Born in Edinburgh, Scotland, Hochstrasser earned his B.S. degree in applied chemistry from the Heriot-Watt University in 1952, and a Ph.D. from Edinburgh University in 1955. He served on the faculty of the University of British Columbia and the University of Pennsylvania, where he has been the Donner Professor of Physical Science since 1982. He also is director of the Regional Laser and Biotechnology Laboratories at Penn, a position he has held since 1978.

Hochstrasser is a member of the National Academy of Sciences; the American Academy of Arts and Sciences; and Fellow, American Physical Society, Optical Society of America. He has served as editor of Chemical Physics since 1975 and is on the advisory boards of numerous journals including Chemical Physics Letters and Advances in Chemical Physics. He has received numerous awards including the J.S. Guggenheim Fellow, the Bourke Medal of Faraday Society, the CCNY Centennial Award, and the A.C.S.E. Bright Wilson Award in Spectroscopy.

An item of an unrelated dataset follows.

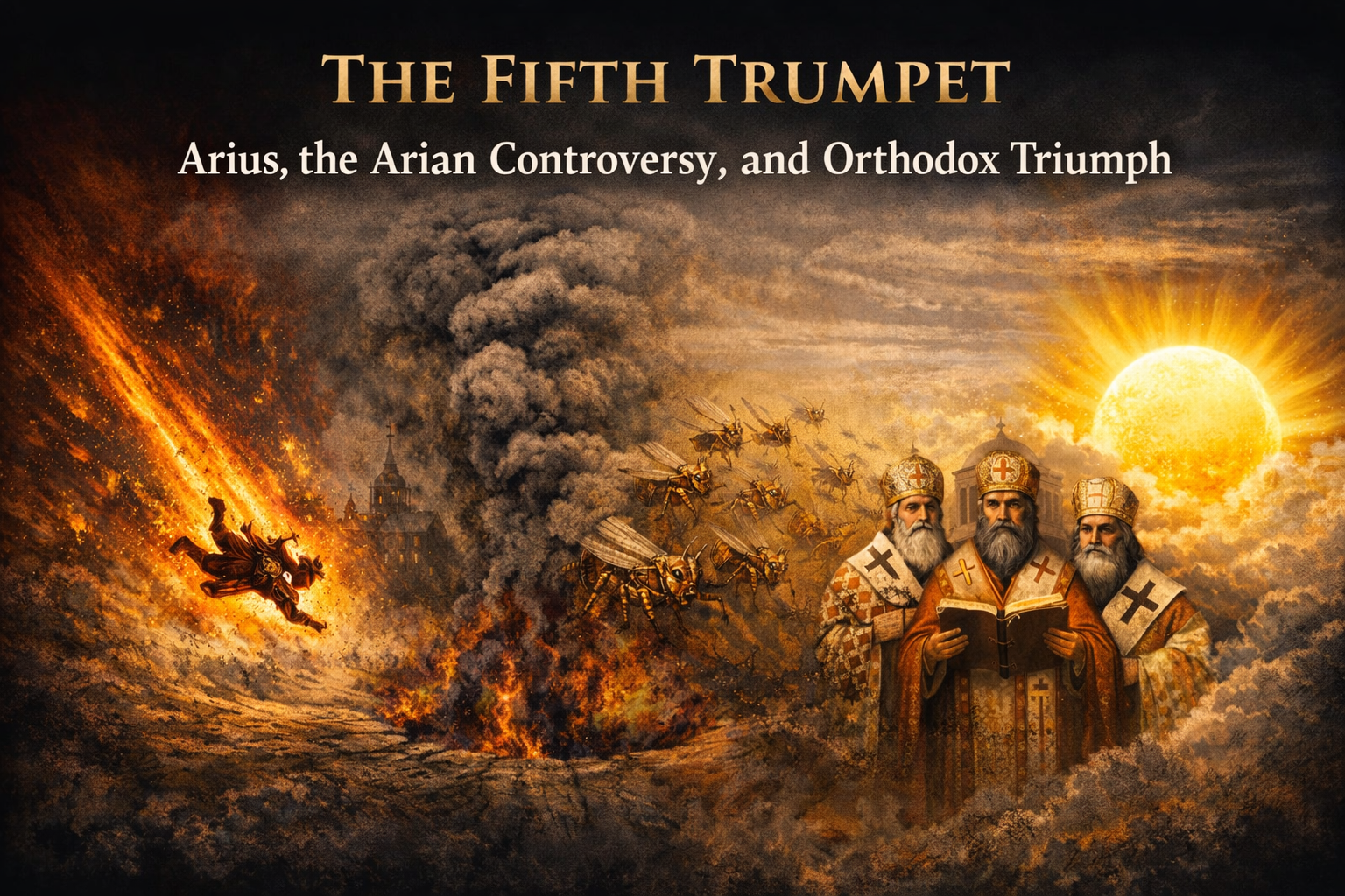 In this reading—articulated with particular force by Apostolos Makrakis—the Fifth Trumpet unveils the Church’s first great internal doctrinal crisis: the Arian controversy and the approximately one-and-a-half-century period of ecclesial torment culminating in the dogmatic clarifications of the first four Ecumenical Councils. Revelation 9 thus becomes not a prophecy of foreign invasion nor merely a symbol of imperial violence, but an apocalyptic disclosure of doctrinal purification, conciliar warfare, and ascetical renewal.

Dr. Hochstrasser uses lasers to observe chemical reactions as they occur, taking snapshots of the reactions with ultra fast pulses of light.

Dr. Hochstrasser's career began before the laser was invented, so he helped pioneer applying the new technology to chemical research.

Through Dr. Hochstrasser's research, lasers help to further the understanding of the interaction of light and nature.